If you use cotton towels for the body, you must apply a moisturizer all-over, which might be hard to do. You are better off using a lesu/kanga to wipe the body; the same applies to hands, so that some water remains on the hands," cautions Nabuguzi.
Visit the spa
For hands which are okay, go every two weeks for a manicure and for those whose hands are badly off- cracking nails, peeling, tough and corny skin, they can have a manicure every week.
As a rule for hand care, Nafula says one should at least receive a professional touch once a month. This also helps to avoid contracting fungal infections and treating them early if detected.
Where the hands are hard due to aging, one needs to do anti-aging treatments for hands and nails, using products rich in tea tree oil.
For women of childbearing age, Nafula advises disclosing to the beautician about a pregnancy. This is because the sensory nerve endings are concentrated in the centre of the palm of your hands and feet. If massaged too hard, during the first trimester, this may cause miscarriage.
How to massage the hands
While attending to the hands, it is common practice for the beautician to give a client hand massage, adds Nafula.

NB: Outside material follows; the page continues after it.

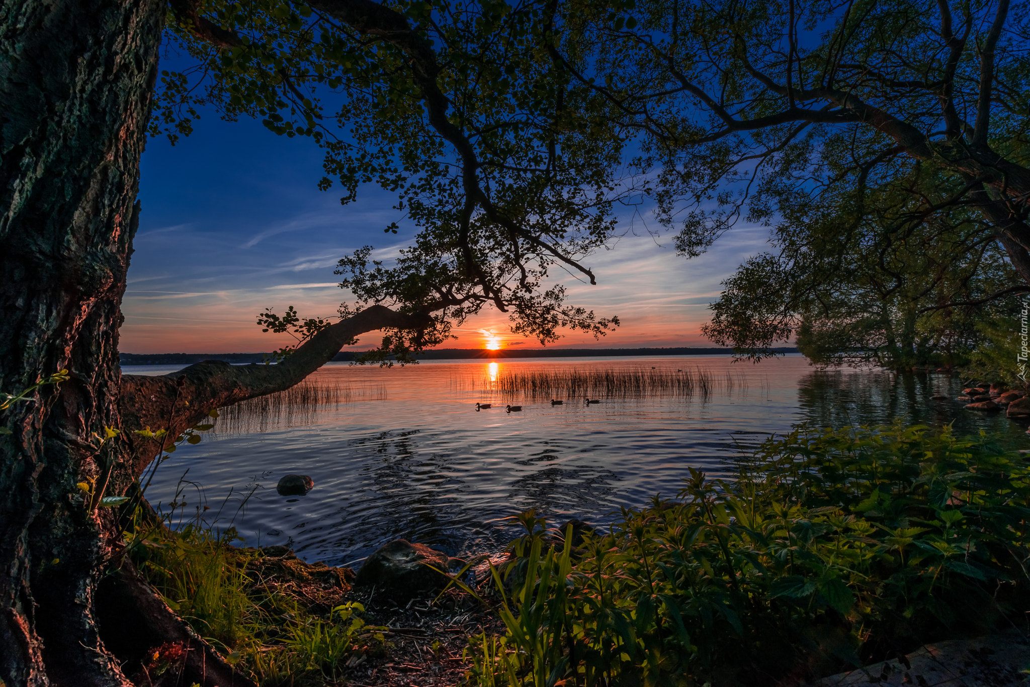 Edytor tapety: Kaczki na jeziorze w zachodzącym słońcu

Whereas this is good for easing tension and increasing blood flow to the hands, consequently softening them, it is better to do it gently.
A beautician should follow gentle movements, from the elbow to the tip of the fingers, using either massage oil, or almond oil, among others.

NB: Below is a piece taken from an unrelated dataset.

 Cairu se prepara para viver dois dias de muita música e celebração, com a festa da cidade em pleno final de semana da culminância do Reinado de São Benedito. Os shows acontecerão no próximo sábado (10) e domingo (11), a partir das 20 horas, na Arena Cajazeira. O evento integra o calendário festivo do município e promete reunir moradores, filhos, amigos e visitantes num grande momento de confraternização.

In case one has very hard hands, Nafula recommends using hand boots. These are glove-like treatments that warm the hands while ridding them of accumulated dead cells. "If you receive weekly hand treatments using boots, you will notice an improvement within a month."

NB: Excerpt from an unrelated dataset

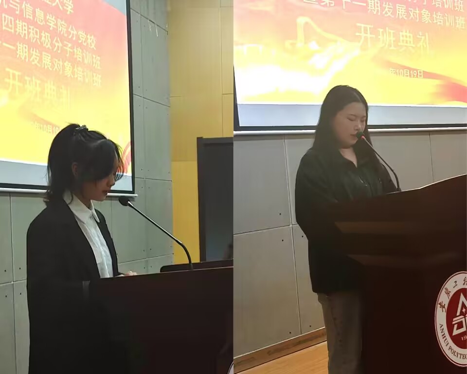开班典礼在雄壮的国歌声中拉开序幕。培训班班主任王鸣鹃、陈涛宣读本期培训班学员管理细则及培训教学计划,要求学员强化纪律意识,严格遵守培训班的相关规定。积极分子培训班学员代表计算机212班梅如异、发展对象培训班学员代表物联网201阙琴溶进行发言,两位学员从学习重要性角度承诺珍惜学习机会,以饱满的热情和实际行动完成培训班的各项计划,提高思想觉悟,逐步向党组织靠拢,将自己锻炼成符合党和人民期望的社会主义合格建设者和可靠接班人!

Alternatively, if the time to access the spa for a professional touch is limited, Nafula advises using home remedies at least once a week. Make your own exfoliator using lemon and sugar, and gently scrub with a pumice stone, to rid the hands of dead skin. And thereafter, apply a hand crème moisturizer.
An experience at the spa
Having a manicure is not just about filing nails and slathering colour on them, it also involves sharing a bit of nail history. Questions like, "When was the last time you had a manicure", "what work do you do?" or "Which shape would you like your nails to be filed in?" are asked.
These questions help the beautician to gauge the products they are going to use and how much time they are going to spend attending to your hands.
Before the beautician attended to my hands, she put cream on them, "to soften the cuticles", she explained. She then used a cuticle pusher to push the nonliving tissue around my nails.
She proceeded to file my nails into the desired shape and then applied an apricot scrub to my hands and lower arms. She mentioned that this was to soften my skin and rid it of any dead cells.
After gently wiping it off with a warm damp cloth, she massaged olive oil in circular movements, starting from the elbows to the palm, which made the skin noticeably softer and begin to glow. She wrapped it up with a paint job.